#### ACTION ITEM:
From the listing that follows, output everything exactly except the pictures.
EXERCISE DATA below:
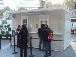 Un módulo prefabricado de Alco sustituye a las taquillas de entrada al edificio en La Pedrera, durante las obras del AVE que impiden su uso. El módulo prefabricado se ha habilitado para dos puestos de venta de entradas y se ha dotado de sistemas de seguridad, además de adaptarse a la funcionalidad necesaria. Para ello, y a pesar de tratarse de un alquiler a corto plazo, se ha adaptado completamente el módulo, instalando dos ventajas especiales de “guillotina” con persiana exterior de aluminio y mostrador a una altura de 1,10 m. Asimismo cuenta con un equipo de aire acondicionado tipo Split, y se le ha añadido también una visera de 60 cm para la protección de los visitantes.
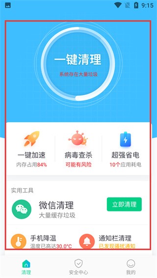 1、智能清理:智能分析并清理垃圾文件,清理缓存与SD卡空间,删除无用安装包和文件,提升内存与手机运行速度。
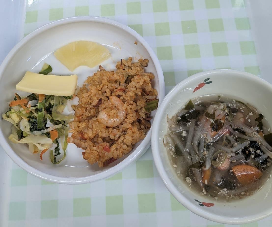 7日はおやつの時間に「七草粥」を食べました。幼児クラスでは、実際に七草に触れる体験も行いました。
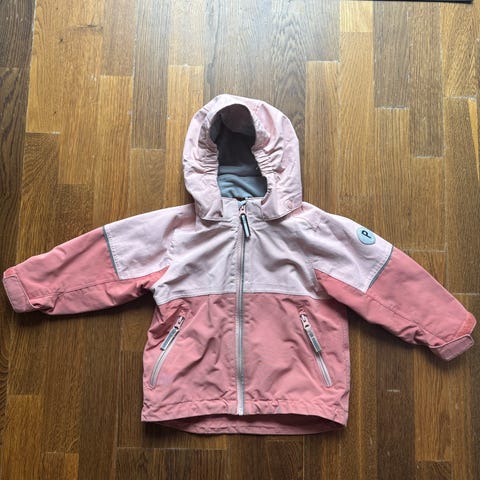 Mörkblå skaljacka i storlek 92 från Polarn O. Pyret. Mycket fint begagnat skick, ett mindre slitage hål (högst 1 mm) på varje armslut (se bild).
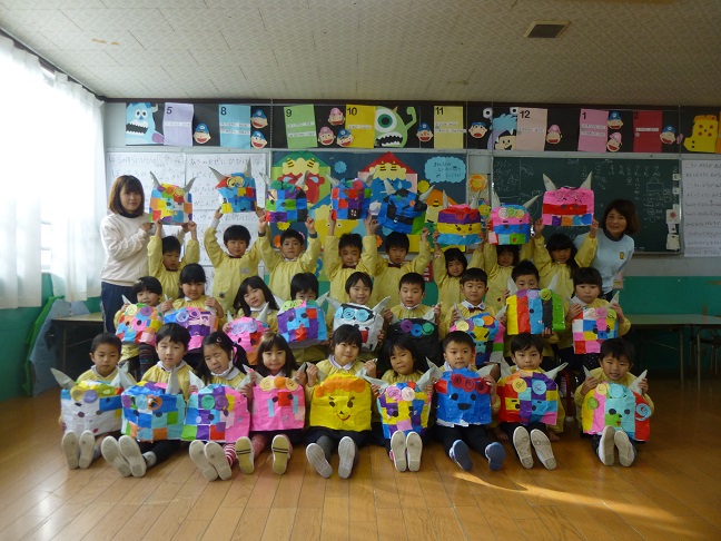 子どもたちが作ったカラフルな鬼のお面をかぶって、
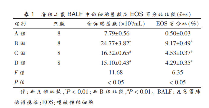 A 組小鼠氣道黏膜無(wú)增厚,氣道周圍無(wú)炎癥細(xì)胞 浸潤(rùn),肺泡壁結(jié)構(gòu)完整;B 組小鼠氣道黏膜充血水腫, 氣道周圍較多炎癥細(xì)胞浸潤(rùn),肺泡結(jié)構(gòu)被破壞;C 組 小鼠氣道周圍少量炎癥細(xì)胞浸潤(rùn),管壁無(wú)明顯增厚; D 組小鼠程度與 C 組小鼠相似。 見圖 1(封四)。2.3 各組小鼠 BALF 中白細(xì)胞總數(shù)和 EOS 百分比的 比較 與 A 組比 較,B 組小 鼠 BALF 中白 細(xì) 胞 總 數(shù) 和 EOS 百分比均顯著升高,差異有高度統(tǒng)計(jì)學(xué)意義(P < 0.01)。 與 B 組比較,C 組和 D 組小鼠 BALF 中白細(xì)胞 總數(shù)及 EOS 百分比明顯降低,差異有高度統(tǒng)計(jì)學(xué)意 義(P < 0.01)。C、D 兩組白細(xì)胞總數(shù)和 EOS 百分比比較, 差異無(wú)統(tǒng)計(jì)學(xué)意義(P > 0.05)。 見表 1。
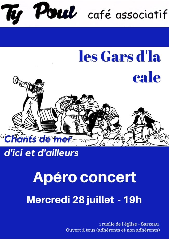 apéro-concert à 19h sur la terrasse Le 28 Juillet les Gars de la Cale chantent pour vous. Chants d’ici et d’ailleurs de terre et de mer avec leurs accordéons, guitares, flute, violon et chœurs. Le 7 Août, ils reviennent avec leur musique et leur belle humeur …mais cette fois pour vous faire chanter, toutes et…
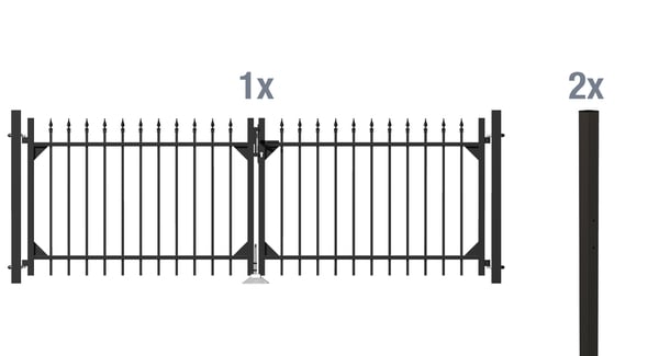 1 DoppeltorChaussee, ohne Pfosten, Aluminium, matt schwarz, 3010×1000, 2 Klobenpfosten Chaussee, Circle, Aluminium, schwarz, zum Einbetonieren89x89/1600
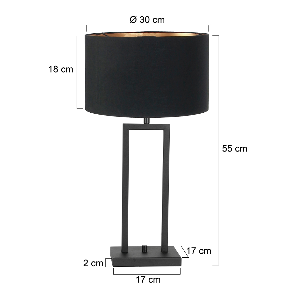 De breedte van de voet van de vloer- of tafellamp in centimeters.
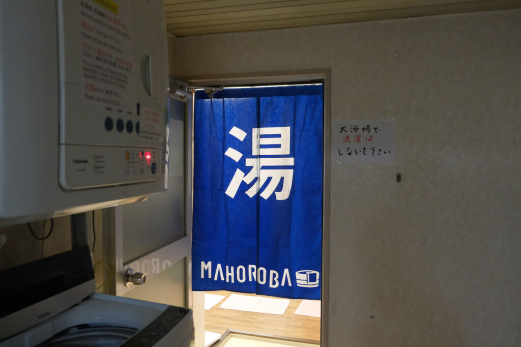 軽快でリズム感のあるロゴの制作に加え、お風呂場の暖簾も制作しました。
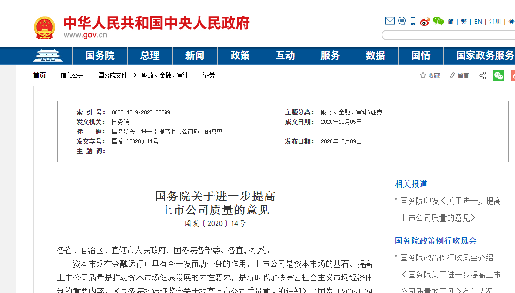 國(guó)務(wù)院關(guān)于進(jìn)一步提高 上市公司質(zhì)量的意見(jiàn)
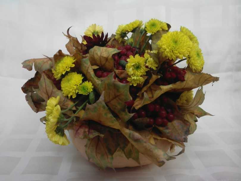 Заготовить для осенней поделки ягоды или сухоцветы будет сложнее. Об этом стоит позаботиться заранее, нанизав каждую ягодку в отдельности на нитку и оставив высыхать в сухом прохладном месте. Бутоны сухоцветов также подвешиваются на нитке, при этом они должны располагаться макушкой вниз. При таком расположении цветы сохранят свою изначальную форму.
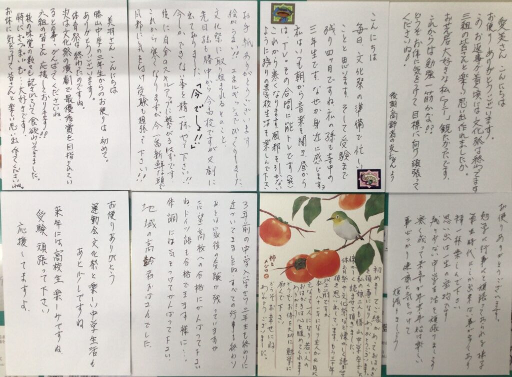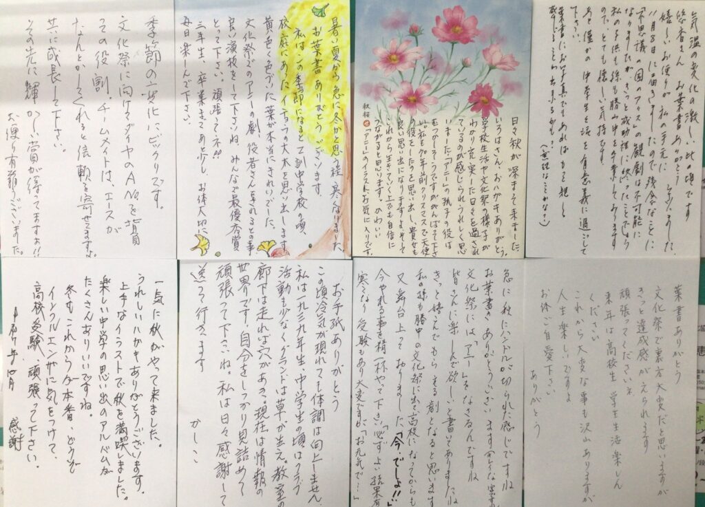 3年の国語の授業で作成したきずな便りは、 民生委員さんを通じて地域の高齢者の方々に届けられました。 その返事が3年生のみなさんのもとにたくさん届きました。 学校行事や受験に向けて頑張ってくださいと 地域の高齢者の方々からエールをいただきました。 心温まるお返事、ありがとうございました。
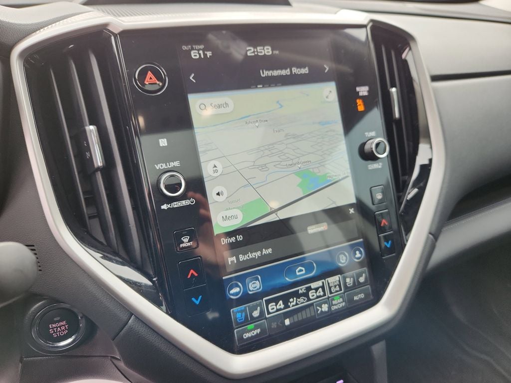 - Radio: Subaru 11.6" Multimedia System w/Navigation -inc: AM/FM stereo HD Radio, multi-touch gesture high resolution display screen, voice activated controls for radio and navigation, Bluetooth® audio streaming and hands-free phone connectivity w/SMS text messaging connectivity (refer to subaru.com for cell phone compatibility), Near Field Communication (NFC), TomTom navigation software w/what3words, iPod control capability, smartphone integration for Android Auto and Apple CarPlay w/full screen view and wireless connection, USB audio system update, TomTom navigation system update w/USB/Map Over The Air (MOTA) (3 years free map updates), steering wheel control switches for audio and Bluetooth®, harman/kardon quantum logic surround sound speaker system w/14 speakers, subwoofer and harman/kardon 792 watt equivalent maximum output amplifier, 3.5mm illuminated auxiliary input jack, illuminated USB A and C input/charge ports, SiriusXM w/360L (4 months free trial included/subscription required after), SiriusXM Travel Link (4 months free trial included/subscription required after) and SiriusXM Traffic (3 years free trial included/subscription required after)
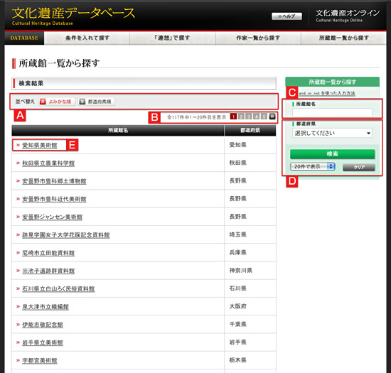 美術館、博物館、関連団体などの名称を入力し、所蔵館を絞り込むことができます。
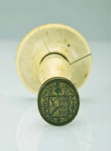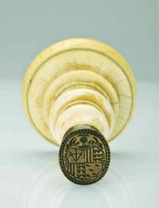bronze stamp with quarterly shield:
End of EXERCISE DATA.
#### RESULT:
 Un módulo prefabricado de Alco sustituye a las taquillas de entrada al edificio en La Pedrera, durante las obras del AVE que impiden su uso. El módulo prefabricado se ha habilitado para dos puestos de venta de entradas y se ha dotado de sistemas de seguridad, además de adaptarse a la funcionalidad necesaria. Para ello, y a pesar de tratarse de un alquiler a corto plazo, se ha adaptado completamente el módulo, instalando dos ventajas especiales de “guillotina” con persiana exterior de aluminio y mostrador a una altura de 1,10 m. Asimismo cuenta con un equipo de aire acondicionado tipo Split, y se le ha añadido también una visera de 60 cm para la protección de los visitantes.
 1、智能清理:智能分析并清理垃圾文件,清理缓存与SD卡空间,删除无用安装包和文件,提升内存与手机运行速度。
 7日はおやつの時間に「七草粥」を食べました。幼児クラスでは、実際に七草に触れる体験も行いました。
 Mörkblå skaljacka i storlek 92 från Polarn O. Pyret. Mycket fint begagnat skick, ett mindre slitage hål (högst 1 mm) på varje armslut (se bild).
 子どもたちが作ったカラフルな鬼のお面をかぶって、
 A 組小鼠氣道黏膜無(wú)增厚,氣道周圍無(wú)炎癥細(xì)胞 浸潤(rùn),肺泡壁結(jié)構(gòu)完整;B 組小鼠氣道黏膜充血水腫, 氣道周圍較多炎癥細(xì)胞浸潤(rùn),肺泡結(jié)構(gòu)被破壞;C 組 小鼠氣道周圍少量炎癥細(xì)胞浸潤(rùn),管壁無(wú)明顯增厚; D 組小鼠程度與 C 組小鼠相似。 見圖 1(封四)。2.3 各組小鼠 BALF 中白細(xì)胞總數(shù)和 EOS 百分比的 比較 與 A 組比 較,B 組小 鼠 BALF 中白 細(xì) 胞 總 數(shù) 和 EOS 百分比均顯著升高,差異有高度統(tǒng)計(jì)學(xué)意義(P < 0.01)。 與 B 組比較,C 組和 D 組小鼠 BALF 中白細(xì)胞 總數(shù)及 EOS 百分比明顯降低,差異有高度統(tǒng)計(jì)學(xué)意 義(P < 0.01)。C、D 兩組白細(xì)胞總數(shù)和 EOS 百分比比較, 差異無(wú)統(tǒng)計(jì)學(xué)意義(P > 0.05)。 見表 1。
 apéro-concert à 19h sur la terrasse Le 28 Juillet les Gars de la Cale chantent pour vous. Chants d’ici et d’ailleurs de terre et de mer avec leurs accordéons, guitares, flute, violon et chœurs. Le 7 Août, ils reviennent avec leur musique et leur belle humeur …mais cette fois pour vous faire chanter, toutes et…
 1 DoppeltorChaussee, ohne Pfosten, Aluminium, matt schwarz, 3010×1000, 2 Klobenpfosten Chaussee, Circle, Aluminium, schwarz, zum Einbetonieren89x89/1600
 De breedte van de voet van de vloer- of tafellamp in centimeters.
 軽快でリズム感のあるロゴの制作に加え、お風呂場の暖簾も制作しました。
 國(guó)務(wù)院關(guān)于進(jìn)一步提高 上市公司質(zhì)量的意見(jiàn)
 Заготовить для осенней поделки ягоды или сухоцветы будет сложнее. Об этом стоит позаботиться заранее, нанизав каждую ягодку в отдельности на нитку и оставив высыхать в сухом прохладном месте. Бутоны сухоцветов также подвешиваются на нитке, при этом они должны располагаться макушкой вниз. При таком расположении цветы сохранят свою изначальную форму.
 3年の国語の授業で作成したきずな便りは、 民生委員さんを通じて地域の高齢者の方々に届けられました。 その返事が3年生のみなさんのもとにたくさん届きました。 学校行事や受験に向けて頑張ってくださいと 地域の高齢者の方々からエールをいただきました。 心温まるお返事、ありがとうございました。
 - Radio: Subaru 11.6" Multimedia System w/Navigation -inc: AM/FM stereo HD Radio, multi-touch gesture high resolution display screen, voice activated controls for radio and navigation, Bluetooth® audio streaming and hands-free phone connectivity w/SMS text messaging connectivity (refer to subaru.com for cell phone compatibility), Near Field Communication (NFC), TomTom navigation software w/what3words, iPod control capability, smartphone integration for Android Auto and Apple CarPlay w/full screen view and wireless connection, USB audio system update, TomTom navigation system update w/USB/Map Over The Air (MOTA) (3 years free map updates), steering wheel control switches for audio and Bluetooth®, harman/kardon quantum logic surround sound speaker system w/14 speakers, subwoofer and harman/kardon 792 watt equivalent maximum output amplifier, 3.5mm illuminated auxiliary input jack, illuminated USB A and C input/charge ports, SiriusXM w/360L (4 months free trial included/subscription required after), SiriusXM Travel Link (4 months free trial included/subscription required after) and SiriusXM Traffic (3 years free trial included/subscription required after)
 美術館、博物館、関連団体などの名称を入力し、所蔵館を絞り込むことができます。
bronze stamp with quarterly shield:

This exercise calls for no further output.